The ride home was long, but his mind was anything but idle. The sight of the beaten worker had clarified something for him. His ambition wasn't simply a lust for the throne. It was the cold recognition that the entire imperial system was inefficient, brittle, and destined to shatter. It wasted its people and invited rebellion through sheer incompetence. What it needed was not a kinder master, but a ruthlessly logical one. He wouldn't just rule; he would re-engineer the state itself.

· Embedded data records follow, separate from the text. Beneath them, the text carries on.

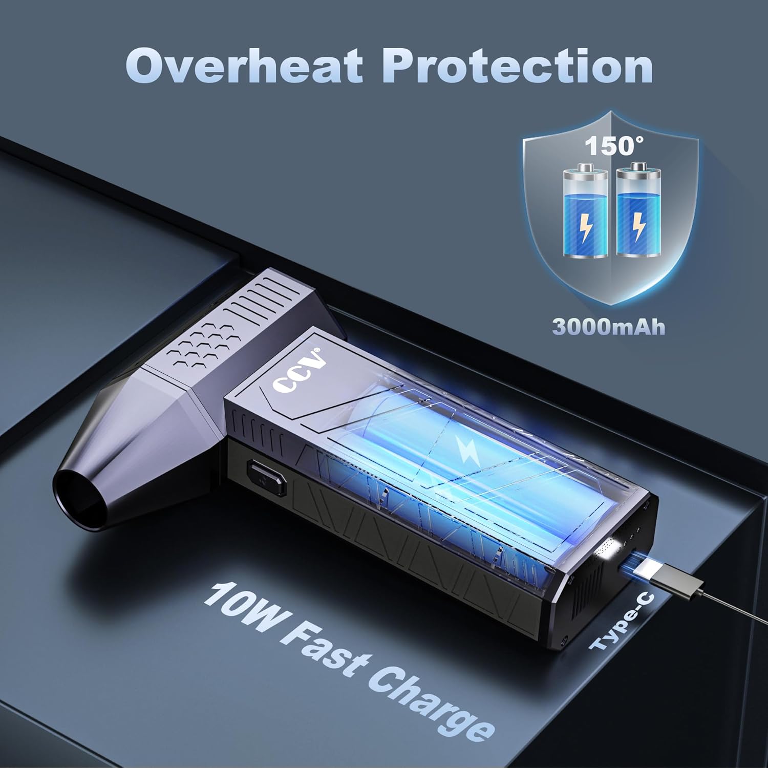 【Rechargeable Air Duster】– Accessories is a USB-TepyC charging cable which supports up to 10W fast charging,Can be used for 100min when fully charged.Energy saving, environmental protection, recyclable.
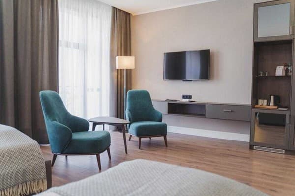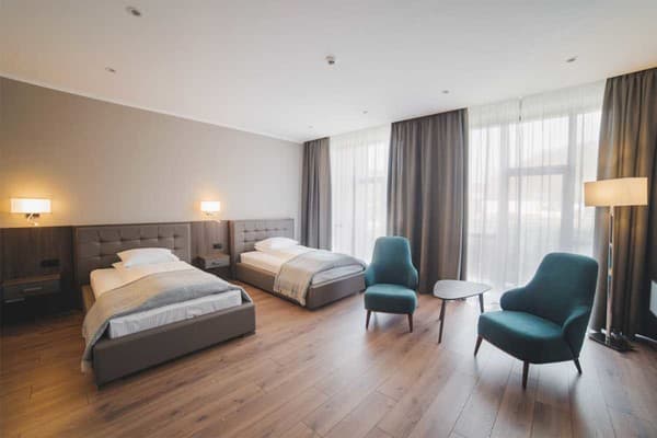Дети до 6 лет,без предоставления дополнительного места, размещаются бесплатно.Стоимость дополнительных мест уточнять при бронировании. Дополнительные места предоставляются не во всех номерах.
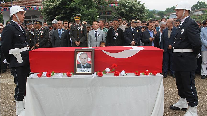 Bursa'da trafik kazasının ardından olay yerinde görevini yürütürken tırın çarpması sonucu şehit olan polis memuru Servet Ildız'ın cenazesi, memleketi Balıkesir'in Manyas ilçesinde toprağa verildi.
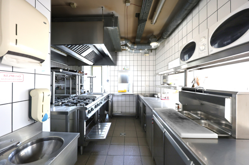 Hatalmas konyhai részleggel rendelzeik, melyben minőségi gépesítés található, ezen felül természetesen a vendégek és a dolgozók számára is ki lett alakítva mosdó.
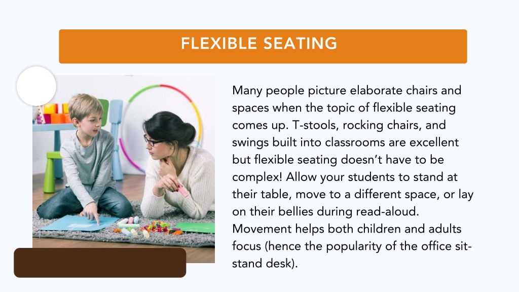 FLEXIBLE SEATING Many people picture elaborate chairs and spaces when the topic of flexible seating comes up. T-stools, rocking chairs, and swings built into classrooms are excellent but flexible seating doesn’t have to be complex! Allow your students to stand at their table, move to a different space, or lay on their bellies during read-aloud. Movement helps both children and adults focus (hence the popularity of the office sit-stand desk).
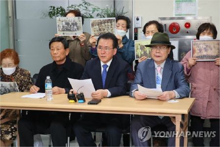 강제징용피해자를 위해 활동해 온 '가자!평화인권당'의 최용상 비례대표 후보(앞줄 왼쪽 세번째) 등이 23일 서울 여의도 더불어시민당사 로비에서 시민당의 비례대표 후보 배제 결정에 반발하며 항의 기자회견하고 있다. (사진=연합뉴스)

Back in the dusty study of his dilapidated manor, Mikhail carefully unpacked his acquisitions. He spread the new maps over his table, their crisp paper covering the old, tattered ones. He laid out the books, the tools, the copper tubing. This was his arsenal. These were the weapons of his quiet revolution.

The vodka had saved him from drowning. But it was here, in these books of science, these tools of creation, and these maps of his future battlefields, that the true work of building an empire would begin. He would start with the soil of his own land, but he would not stop until he had reshaped the soul of Russia itself.